Я ем... Местоимение первого лица, чаще всего употребляемое в "Так что же нам делать?", - это корча, крик стыда ("я стонал от стыда"), вопль совести, потребность покаяния в надежде, что услышат и поддержат другие - мы.

За два месяца до смерти Толстой сочинит "сказочку детям". Богатые мальчик и девочка случайно (у коляски сломалось колесо) попадают в бедную деревенскую избу. Няня хочет напоить их молоком, но дети отказываются пить, пока няня не даст молока плачушему от голода крестьянскому ребенку. Они спрашивают няню, отчего у одних есть еда, а других нет. Няня объясняет, что одним Бог дал, а другим нет. "Злой Бог", - говорят дети: они не могут понять, отчего он так сделал, "чтобы у одних было много, а у других ничего". Но тут в разговор вмешивается больной старик, кашлявший на печи: "Бог не злой, ребята. Бог добрый, ребята. Он, ребята, всех любит. А что одни калачи едят, а у других хлеба нет, это не Он установил, а люди сделали, а потому сделали, что Его-то забыли..."

В "Так что же нам делать?" Толстой отвергает тот "странный вывод", который долго владел им, как владеет многими: чтобы улучшить свою жизнь, надо исправить жизнь других. Вместе с этим выводом Толстой отвергает благотворительность: люди, "которые разными уловками отбирают у трудящегося народа необходимое", хотят подачками оплатить несправедливость устроенной ими жизни: "Я дам 100 тысяч и всё не стану еще в то положение, в котором можно делать добро, потому что у меня останется еще 500 тысяч. Только когда у меня ничего не будет, я буду в состоянии сделать хоть маленькое добро..."

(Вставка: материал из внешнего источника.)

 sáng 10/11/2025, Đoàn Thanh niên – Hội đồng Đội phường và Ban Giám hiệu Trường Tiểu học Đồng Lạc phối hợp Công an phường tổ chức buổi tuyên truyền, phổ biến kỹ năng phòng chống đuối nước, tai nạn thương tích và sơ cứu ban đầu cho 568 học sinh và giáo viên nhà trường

Но не говоря уже о 100 тысячах или 500-х, тут еще одно: "Кто такой я, тот, который хочет помогать людям? Я хочу помогать людям, и я, встав в 12 часов после винта с 4-мя свечами, расслабленный, изнеженный, требующий помощи и услуг сотен людей, прихожу помогать - кому же? Людям, которые встают в пять, спят на досках, питаются капустой с хлебом, умеют пахать, косить, насадить топор, тесать, запрягать, шить, - людям, которые и силой, и выдержкой, и искусством, и воздержанностью в сто раз сильнее меня, и я им прихожу помогать!"

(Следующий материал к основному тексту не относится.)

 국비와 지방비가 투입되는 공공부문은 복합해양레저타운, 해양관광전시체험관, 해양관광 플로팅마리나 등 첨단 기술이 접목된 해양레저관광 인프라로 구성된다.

Толстой снова правит против течения, чтобы на том берегу пристать где нужно. Несколько лет спустя он бросится помогать голодающим крестьянам: своими обращениями всколыхнет десятки и сотни людей, помощников, будет собирать пожертвования, закупать хлеб, крупы, объезжать голодные деревни, раздавать неимущим провизию, устраивать столовые. Будет каятся: "Тут много не того, что должно быть /.../, тут греха конца нет, но не могу жить дома, писать. Чувствую потребность участвовать, что-то делать".

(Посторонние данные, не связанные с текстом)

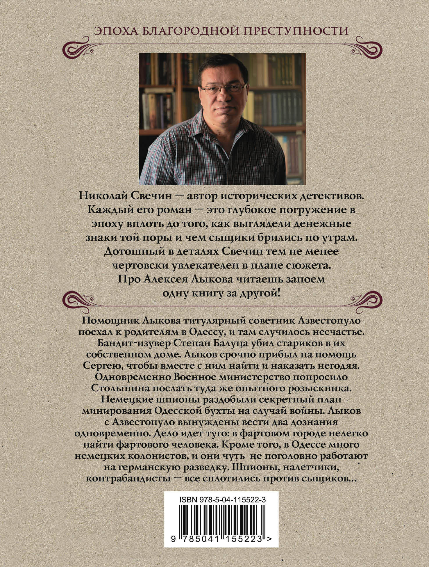 Помощник Лыкова титулярный советник Азвестопуло поехал к родителям в Одессу, и там случилось несчастье. Бандит-изувер Степан Балуца убил стариков в их собственном доме. Лыков срочно прибыл на помощь Сергею, чтобы вместе с ним найти и наказать негодяя. Одновременно Военное министерство попросило Столыпина послать туда же опытного разыскника. Немецкие шпионы раздобыли секретный план минирования Одесской бухты на случай войны. Лыков с Азвестопуло вынуждены вести два дознания одновременно. Дело идет туго: в фартовом городе нелегко найти фартового человека. Кроме того, в Одессе много немецких колонистов, и они чуть не поголовно работают на германскую разведку. Шпионы, налетчики, контрабандисты - все сплотились против сыщиков…| Издательство | ООО "Издательство "Эксмо" |

В статье о голоде он напишет: "Народ голоден оттого, что мы слишком сыты".

Ответ на вопрос "Так что же нам делать?" для Толстого очевиден: жить всем не поглощением чужих трудов, а трудами рук своих, равно исполняя труд земледельческий, ремесленный, умственный, взамен того, чтобы просиживать часами за обеденным столом, возбуждая всё новыми яствами давно утоленный аппетит. Толстой понимает, что лишь немногие мы согласятся с ним, пожелав исправить свою жизнь, а не обдумывать в праздности способы исправить жизнь других. Но "эти сумасшедшие покажут на деле, что та воображаемая собственность, из-за которой страдают, мучаются и мучают других людей не нужна для счастья и что это есть только суеверие". Сам он - я - желает, конечно, быть среди этих сумасшедших.

 

 

         13.

 

Сергей Львович, старший сын писателя, свидетельствует:

"Моя мать не могла сочувствовать его новым взглядам. Как мать восьмо детей она понимала или, лучше сказать, чувствовала, что она и ее дети должны быть в известной мере материально обеспечены /.../ Отец говорил, что чем меньше денег и материальных благ у семьи, тем лучше. Как было матери согласиться с этим? Она, наоборот, считала, что чем больше у семьи денег и материальных благ, тем лучше /.../ В этом разладе я не могу винить ни отца, ни мать. Они были по-своему правы и неправы. Разлад особенно обострился в 1884 и 1885 годах. Это видно из дневников отца /.../ Он так писал о своем одиночестве в семье /.../ - "точно я один несумасшедший живу в доме сумасшедших, управлямом сумасшедшими, семейные не любят и не знают моих страданий"".

Новый образ жизни, который, ломая привычный семейный уклад с торжественным "анковским пирогом" посреди стола, стремится ввести, пусть для одного себя, Толстой, не мог не затронуть и принятой в доме системы питания. Льва Николаевича огорчают излишества в еде. С годами он всё строже относится ко всякому блюду, показавшемуся ему изысканным и неумеренным: принимаясь за еду, прикидывает, что оно по цене сходно стоимости крестьянской лошади. Его огорчают два лакея в белых нитяных перчатках, прислуживающие за столом, каждодневно воскрешая в нем, по словам его помощника Булгакова, "сознание несоответствия его жизни с задушевным стремлением его к равному, братскому общению со всеми людьми".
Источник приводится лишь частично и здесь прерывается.